Councillors in Tyne and Wear, together with Northumberland and Durham, own 51% of the airport and had been expecting to see Mr Parkin taken to court in a bid to claw-back more than £6m the ex-boss paid out to himself in an airport remortgaging deal.
But it emerged many council leaders were kept in the dark about the settlement. Now Liberal Democrats in Newcastle and Northumberland are set to demand answers from the local authority holding group, known as LA7, on which the shareholders sit.
Crucially, they will ask what weaknesses were in the airport’s case – brought after Mr Parkin was suspended in 2007 due to “certain personal contractual issues” – which may have forced the airport to settle.

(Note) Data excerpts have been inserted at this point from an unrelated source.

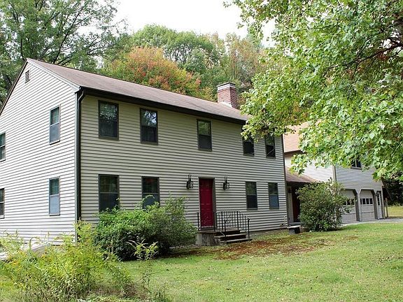 Need space? look no further, Large Colonial w/ In-law apartment above the 2 car garage w/ 2 separate entrances situated on 4 private acres. This home features open foyer separating living & dining rooms; eat-in kitchen with bay window and views of the wooded back yard; large family room with wide pine floors and a fireplace w/ outdoor access; 5 generously sized bedrooms & closets. Master suite has a walk-in and private bathroom. In-Law includes full kitchen & bath, bedroom, living room and large deck overlooking wooded/private back yard. Wide pine floors, over sized 2-car garage, huge basement with high ceilings, Buderus boiler 5 years old, 400 amp electrical, first-floor laundry, new carpeting in main home, Grande Foyer with Slate floor.
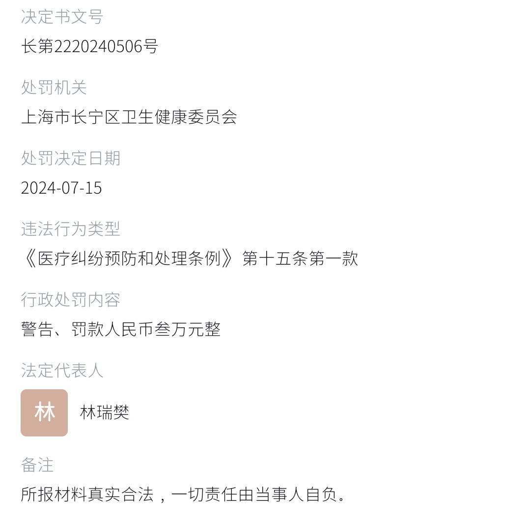 同年7月15日,上海市长宁区卫生健康委员会因上海美立方医疗美容医院违反《医疗纠纷预防和处理条例》第十五条第一款,对其处以警告并罚款3万元的行政处罚。
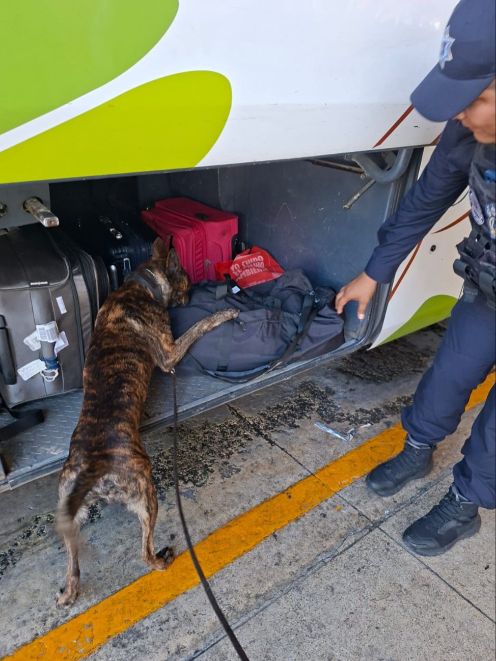 Durante la inspección en el maletero de uno de los autobuses, el ejemplar canino presentó cambios notorios en su conducta, como movimientos constantes de cabeza, jalones de la correa y ladridos, señales entrenadas que indican la posible presencia de sustancias ilícitas.
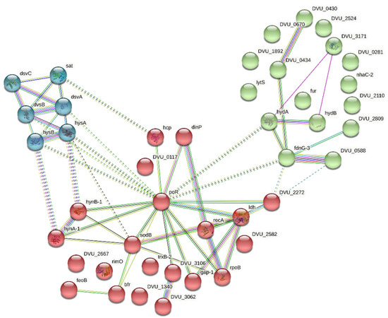 The PPI network demonstrates three cluster formations. Cluster 1 (red) shows the genes involved in metal ion binding and oxidoreductase activity. Cluster 2 (green) represents the genes participating in cellular respiration, oxidation-reduction activity, and electron transport. Lastly, cluster 3 (cyan) displays genes engaged in oxidoreductase, hydrogenase and hydrogensulfite reductase activity.

They will also demand to know whether a deal worth millions of pounds of public money could have been reached without a secrecy clause.
Last night LA7 member and Newcastle councillor Peter Allen said it was important the public knew what was being done in their name.
He said: “This is more than just about the settlement. We have to ask now how we got to the point where this bonus could have been agreed.
“We are tabling written questions to see who was responsible and what role the remuneration committee played in this. We will also be asking for the details of the corporate governance review, carried out more than a year ago and not yet published.
“Now more than ever it is important we know what went wrong and what we should have been doing.”
The Lib Dems have angered some Labour members who have accused them of “playing party politics” with the airport.
North Tyneside elected mayor John Harrison said all LA7 members signed the refinancing agreement which led to Mr Parkin’s bonus, and as such all would equally want a review of the advice given at the time.
Mr Harrison said: “I have called for the review and I hope our meeting will concentrate on a terms of reference that will restore public trust in the airports decision-making process.
“I call, most strongly, for a stop to the party political positioning by the Liberals Democrats in Newcastle and Northumberland.
“I'm calling for them to back my review and my pledge to make all facts about the decision-making process public within a reasonable timescale to be agreed on November 13.
“The people of the region deserve more than cheap political point scoring.”